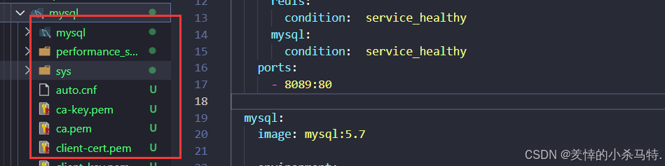 数据持久化:./mysql:/var/lib/mysql — 将数据库文件保存在本地的 ./mysql 目录下,即使容器删除,数据也不会丢失。
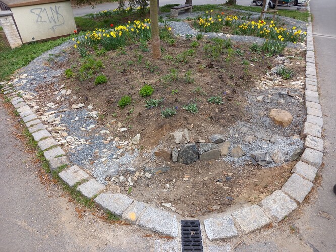 Funguje! Důkaz máme na videu, kdy Míra natočil záhon přímo v akci, koncem dubna při dešti. Je vidět, že se voda ze žlabu dostává nejdříve do větší tůňky, ze které postupně odtéká štěrkovými cestičkami do prohlubní osázených rostlinami. Místí se sem za deště chodí ze zvědavosti dívat.
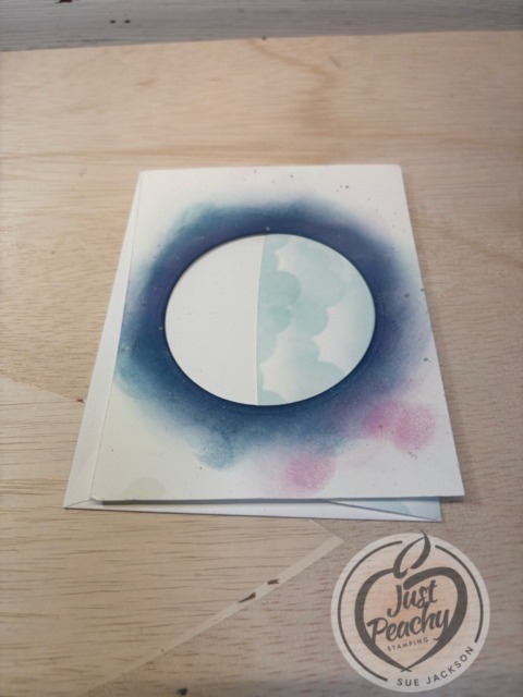 Using a blending brush, Balmy Blue ink, and the circular mask, add color to the bottom left corner of the inside piece of cardstock and on the same place on the front of the envelope
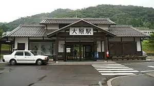 Ōhara Station (大原駅, Ōhara-eki) is a passenger railway station located in the city of Mimasaka, Okayama Prefecture, Japan. It is operated by the third-sector semi-public railway operator Chizu Express.[1] The station takes its name from the famous warrior Miyamoto Musashi, who (according to one theory) was born nearby.
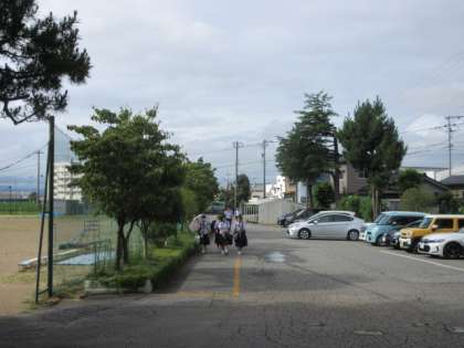 今朝の登校のようすです。
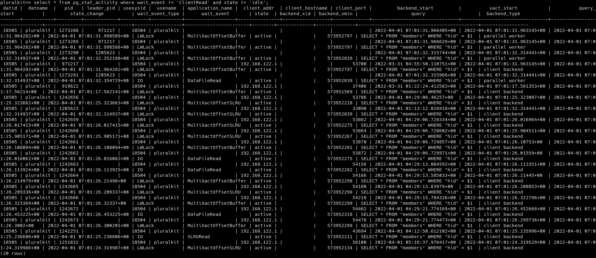 Is there an ERROR: multixact something in your postgres log?
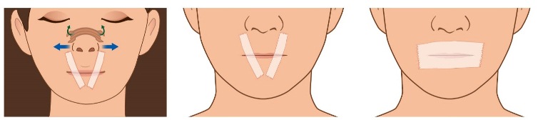 一開始貼嘴巴,可以用鼻翼貼來協助鼻道擴張,初期先嘗試用倒八字的方式貼嘴巴,讓還沒有習慣改用鼻子呼吸的孩子勉強可以用嘴巴呼吸,如果白天練習鼻呼吸習慣了,就可以不要用鼻翼貼,甚至將整個嘴巴貼緊,讓孩子慢慢養成用鼻子呼吸的好習慣。

* * * * * * *

> Your objective: Pass over the images and copy the rest of the material above exactly.

> Result of this exercise:
 数据持久化:./mysql:/var/lib/mysql — 将数据库文件保存在本地的 ./mysql 目录下,即使容器删除,数据也不会丢失。
 Funguje! Důkaz máme na videu, kdy Míra natočil záhon přímo v akci, koncem dubna při dešti. Je vidět, že se voda ze žlabu dostává nejdříve do větší tůňky, ze které postupně odtéká štěrkovými cestičkami do prohlubní osázených rostlinami. Místí se sem za deště chodí ze zvědavosti dívat.
 Using a blending brush, Balmy Blue ink, and the circular mask, add color to the bottom left corner of the inside piece of cardstock and on the same place on the front of the envelope
 Ōhara Station (大原駅, Ōhara-eki) is a passenger railway station located in the city of Mimasaka, Okayama Prefecture, Japan. It is operated by the third-sector semi-public railway operator Chizu Express.[1] The station takes its name from the famous warrior Miyamoto Musashi, who (according to one theory) was born nearby.
 今朝の登校のようすです。
 Is there an ERROR: multixact something in your postgres log?
 一開始貼嘴巴,可以用鼻翼貼來協助鼻道擴張,初期先嘗試用倒八字的方式貼嘴巴,讓還沒有習慣改用鼻子呼吸的孩子勉強可以用嘴巴呼吸,如果白天練習鼻呼吸習慣了,就可以不要用鼻翼貼,甚至將整個嘴巴貼緊,讓孩子慢慢養成用鼻子呼吸的好習慣。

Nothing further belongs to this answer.